*** Begin section ***

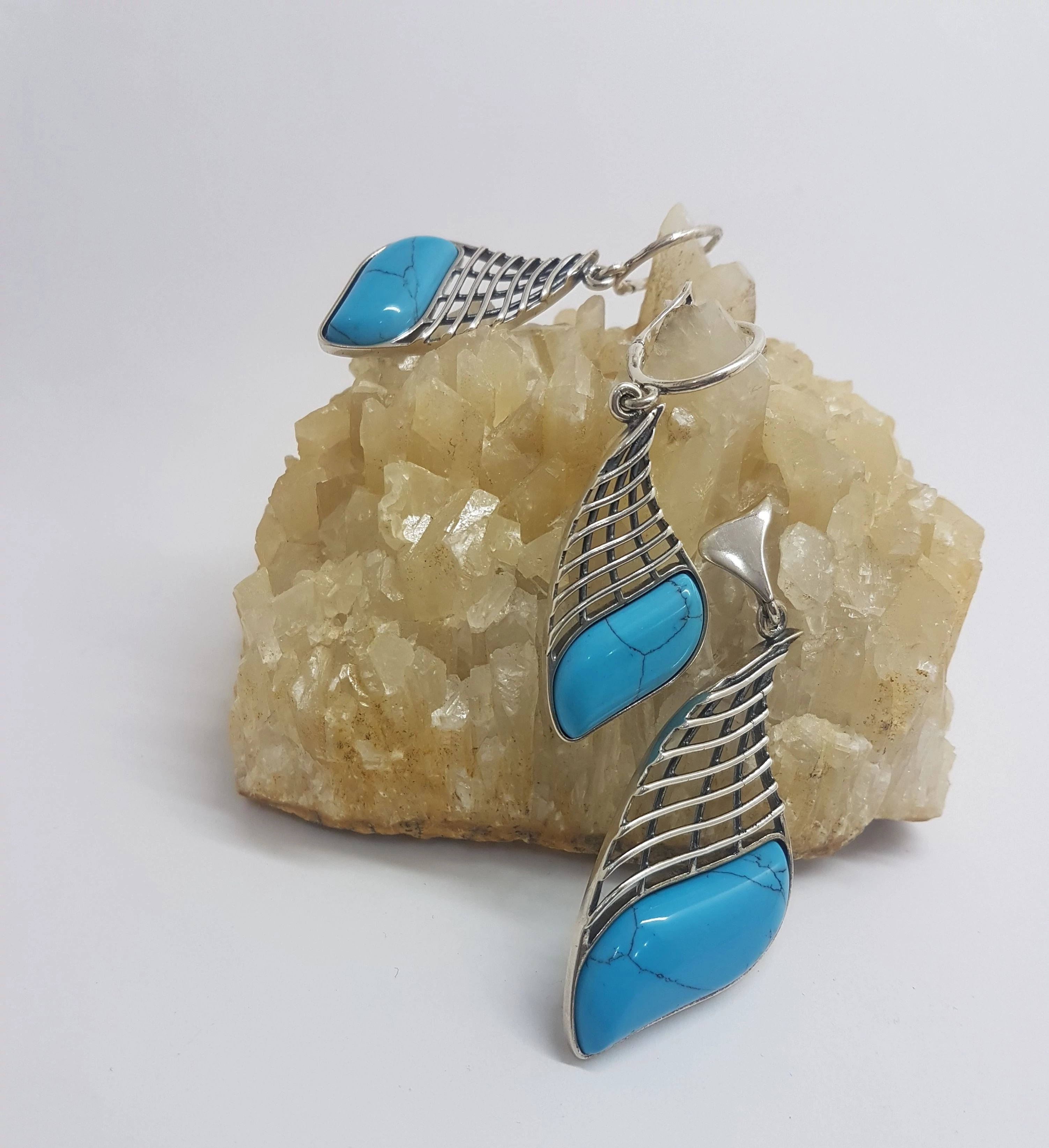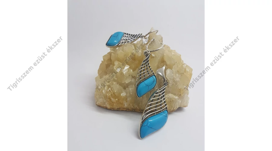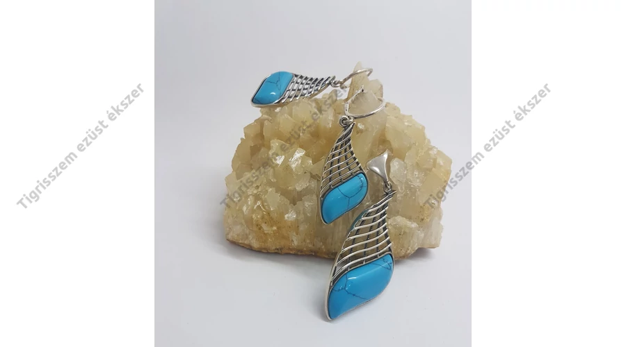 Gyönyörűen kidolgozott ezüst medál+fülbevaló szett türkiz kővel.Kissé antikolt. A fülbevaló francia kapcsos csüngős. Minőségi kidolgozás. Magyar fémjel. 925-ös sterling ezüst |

*** End section ***
*** Begin section ***

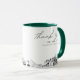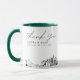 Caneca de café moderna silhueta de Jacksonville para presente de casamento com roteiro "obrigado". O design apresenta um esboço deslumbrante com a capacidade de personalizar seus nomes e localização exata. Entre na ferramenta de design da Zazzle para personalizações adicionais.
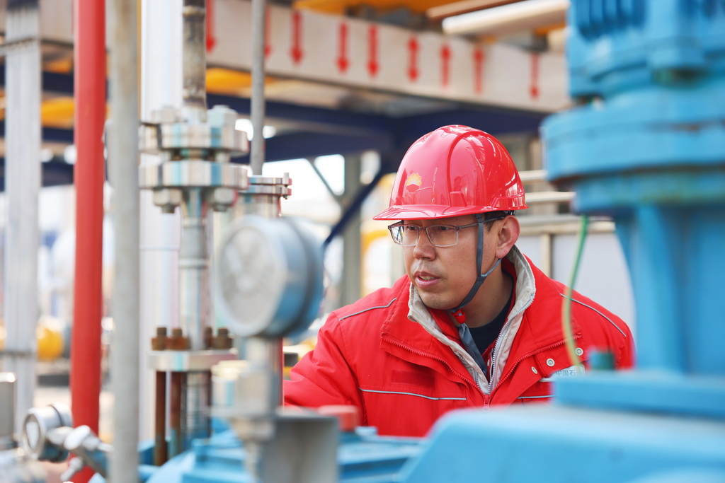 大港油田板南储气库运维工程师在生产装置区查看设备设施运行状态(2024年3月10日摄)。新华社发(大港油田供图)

*** End section ***
*** Begin section ***

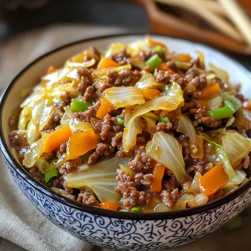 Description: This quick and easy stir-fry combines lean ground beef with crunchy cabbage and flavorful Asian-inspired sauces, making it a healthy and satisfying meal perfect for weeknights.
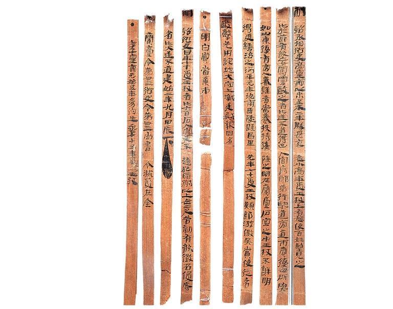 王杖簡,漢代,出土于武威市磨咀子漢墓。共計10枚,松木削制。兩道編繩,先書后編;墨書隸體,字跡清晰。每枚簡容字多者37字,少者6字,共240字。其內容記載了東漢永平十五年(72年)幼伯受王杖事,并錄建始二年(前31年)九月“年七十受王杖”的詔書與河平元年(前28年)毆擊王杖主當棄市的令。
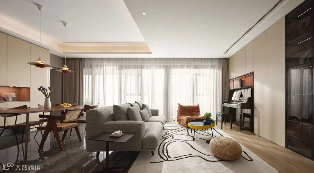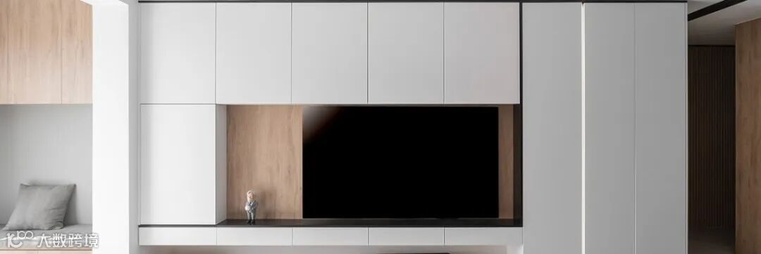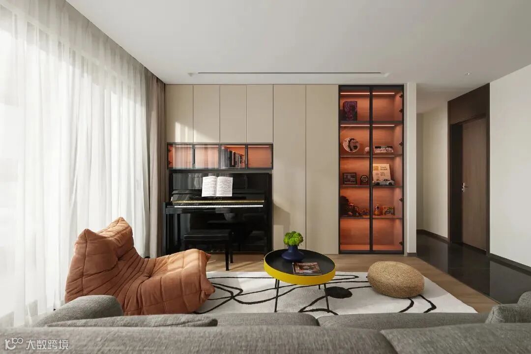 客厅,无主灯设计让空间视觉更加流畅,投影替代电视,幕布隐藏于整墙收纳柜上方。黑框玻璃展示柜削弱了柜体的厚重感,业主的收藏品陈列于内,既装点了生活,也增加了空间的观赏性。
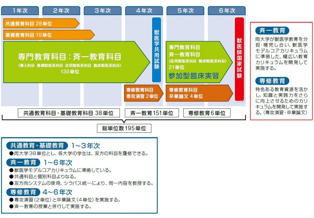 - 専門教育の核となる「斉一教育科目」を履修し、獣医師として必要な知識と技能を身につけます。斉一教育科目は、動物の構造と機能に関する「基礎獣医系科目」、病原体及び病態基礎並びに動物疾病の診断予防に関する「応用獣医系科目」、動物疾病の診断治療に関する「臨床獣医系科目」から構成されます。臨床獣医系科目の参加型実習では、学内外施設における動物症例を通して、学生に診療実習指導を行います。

*** End section ***

- _INSTRUCTIONS FOR THE TASK_: Write out word for word the lines of the listing above from the line with "客厅,无主灯设计让空间视觉更" to the line with "- 専門教育の核となる「斉一", taking in both of those lines but no pictures.

- _REPLY TO THE TASK_:
 客厅,无主灯设计让空间视觉更加流畅,投影替代电视,幕布隐藏于整墙收纳柜上方。黑框玻璃展示柜削弱了柜体的厚重感,业主的收藏品陈列于内,既装点了生活,也增加了空间的观赏性。
 - 専門教育の核となる「斉一教育科目」を履修し、獣医師として必要な知識と技能を身につけます。斉一教育科目は、動物の構造と機能に関する「基礎獣医系科目」、病原体及び病態基礎並びに動物疾病の診断予防に関する「応用獣医系科目」、動物疾病の診断治療に関する「臨床獣医系科目」から構成されます。臨床獣医系科目の参加型実習では、学内外施設における動物症例を通して、学生に診療実習指導を行います。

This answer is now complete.